**ACTION ITEM**
Reproduce, character for character, the lines below from the first through the one with "Arroz, harina de". Leave pictures out.

**DATASET SECTION**

+ + + + +

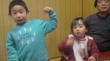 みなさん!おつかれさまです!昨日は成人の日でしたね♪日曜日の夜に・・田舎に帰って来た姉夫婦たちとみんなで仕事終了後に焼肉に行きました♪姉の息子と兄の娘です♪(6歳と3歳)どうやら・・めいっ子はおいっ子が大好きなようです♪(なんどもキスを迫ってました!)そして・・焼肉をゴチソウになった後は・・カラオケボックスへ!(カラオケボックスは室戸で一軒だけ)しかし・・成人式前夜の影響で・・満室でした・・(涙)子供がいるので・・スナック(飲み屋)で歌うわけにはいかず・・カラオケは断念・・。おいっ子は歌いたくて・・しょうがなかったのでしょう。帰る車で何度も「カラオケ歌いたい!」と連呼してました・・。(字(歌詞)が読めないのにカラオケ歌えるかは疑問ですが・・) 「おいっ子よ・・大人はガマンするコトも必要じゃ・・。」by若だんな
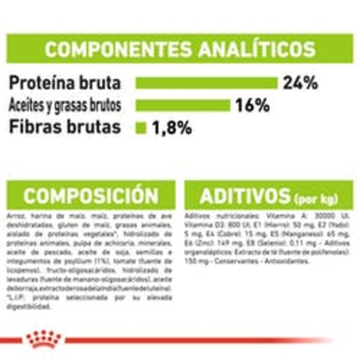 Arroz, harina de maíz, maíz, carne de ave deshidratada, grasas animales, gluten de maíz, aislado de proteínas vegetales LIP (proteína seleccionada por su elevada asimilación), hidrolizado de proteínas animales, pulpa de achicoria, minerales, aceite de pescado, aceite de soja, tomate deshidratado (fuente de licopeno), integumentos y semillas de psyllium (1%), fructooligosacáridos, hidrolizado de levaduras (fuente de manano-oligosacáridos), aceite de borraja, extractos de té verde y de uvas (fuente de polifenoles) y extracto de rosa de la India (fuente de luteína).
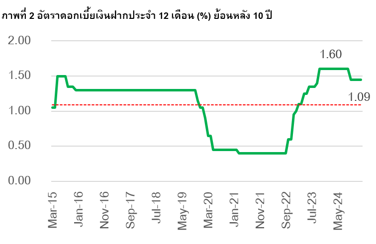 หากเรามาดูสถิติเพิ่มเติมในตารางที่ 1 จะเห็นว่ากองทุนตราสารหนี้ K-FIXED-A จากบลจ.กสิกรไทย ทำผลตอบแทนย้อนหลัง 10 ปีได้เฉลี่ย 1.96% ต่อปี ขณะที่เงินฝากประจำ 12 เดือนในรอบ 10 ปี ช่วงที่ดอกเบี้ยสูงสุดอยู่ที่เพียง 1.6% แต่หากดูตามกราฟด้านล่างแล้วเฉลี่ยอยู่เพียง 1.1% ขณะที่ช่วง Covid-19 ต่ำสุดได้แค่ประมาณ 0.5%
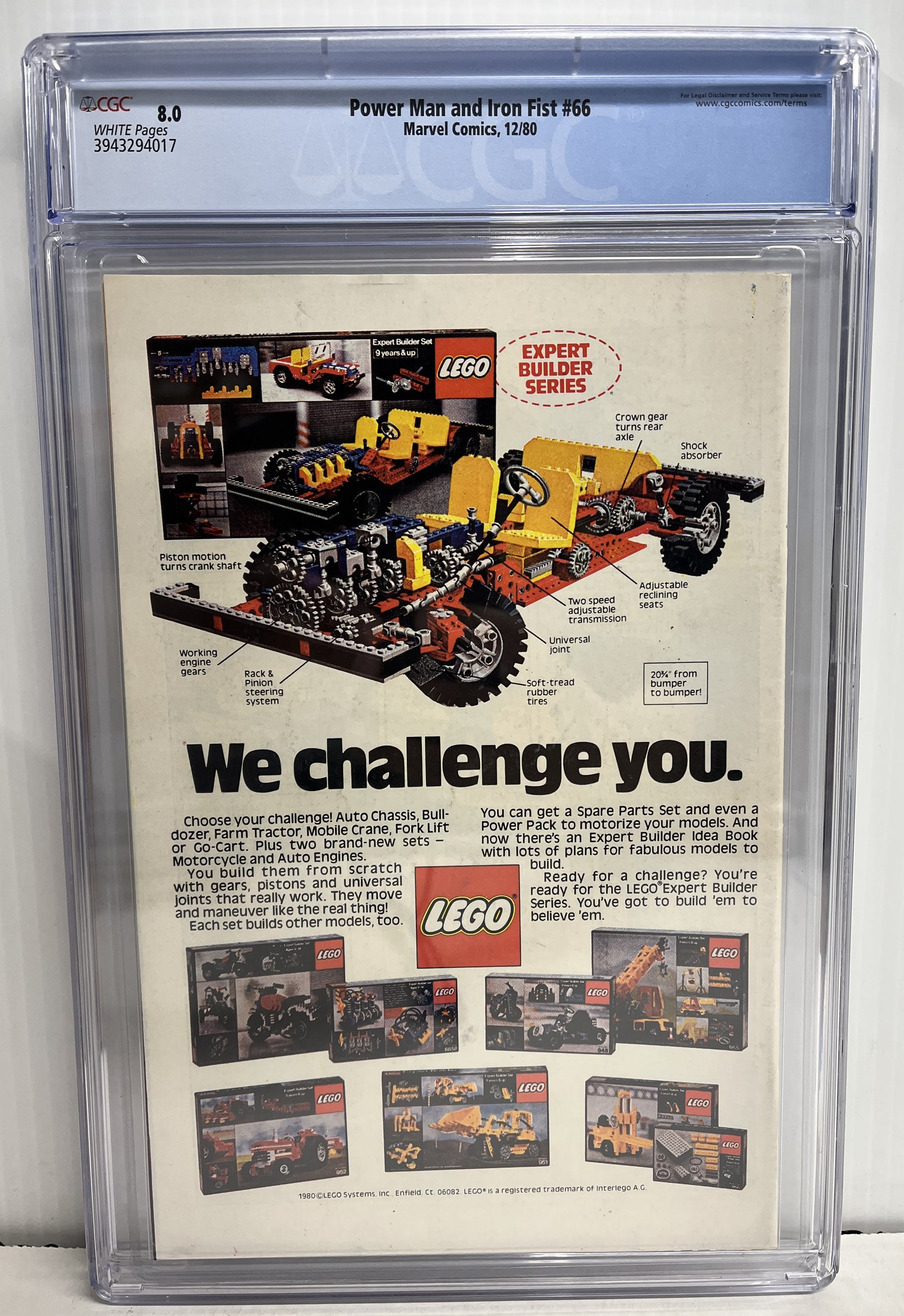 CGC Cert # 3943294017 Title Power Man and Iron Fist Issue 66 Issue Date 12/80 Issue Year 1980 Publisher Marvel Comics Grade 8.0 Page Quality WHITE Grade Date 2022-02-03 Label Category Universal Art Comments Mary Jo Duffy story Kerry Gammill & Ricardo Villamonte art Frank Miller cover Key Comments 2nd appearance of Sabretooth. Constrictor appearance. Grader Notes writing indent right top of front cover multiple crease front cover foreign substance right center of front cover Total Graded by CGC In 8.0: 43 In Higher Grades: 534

+ + + + +

**EXERCISE OUTPUT**
 みなさん!おつかれさまです!昨日は成人の日でしたね♪日曜日の夜に・・田舎に帰って来た姉夫婦たちとみんなで仕事終了後に焼肉に行きました♪姉の息子と兄の娘です♪(6歳と3歳)どうやら・・めいっ子はおいっ子が大好きなようです♪(なんどもキスを迫ってました!)そして・・焼肉をゴチソウになった後は・・カラオケボックスへ!(カラオケボックスは室戸で一軒だけ)しかし・・成人式前夜の影響で・・満室でした・・(涙)子供がいるので・・スナック(飲み屋)で歌うわけにはいかず・・カラオケは断念・・。おいっ子は歌いたくて・・しょうがなかったのでしょう。帰る車で何度も「カラオケ歌いたい!」と連呼してました・・。(字(歌詞)が読めないのにカラオケ歌えるかは疑問ですが・・) 「おいっ子よ・・大人はガマンするコトも必要じゃ・・。」by若だんな
 Arroz, harina de maíz, maíz, carne de ave deshidratada, grasas animales, gluten de maíz, aislado de proteínas vegetales LIP (proteína seleccionada por su elevada asimilación), hidrolizado de proteínas animales, pulpa de achicoria, minerales, aceite de pescado, aceite de soja, tomate deshidratado (fuente de licopeno), integumentos y semillas de psyllium (1%), fructooligosacáridos, hidrolizado de levaduras (fuente de manano-oligosacáridos), aceite de borraja, extractos de té verde y de uvas (fuente de polifenoles) y extracto de rosa de la India (fuente de luteína).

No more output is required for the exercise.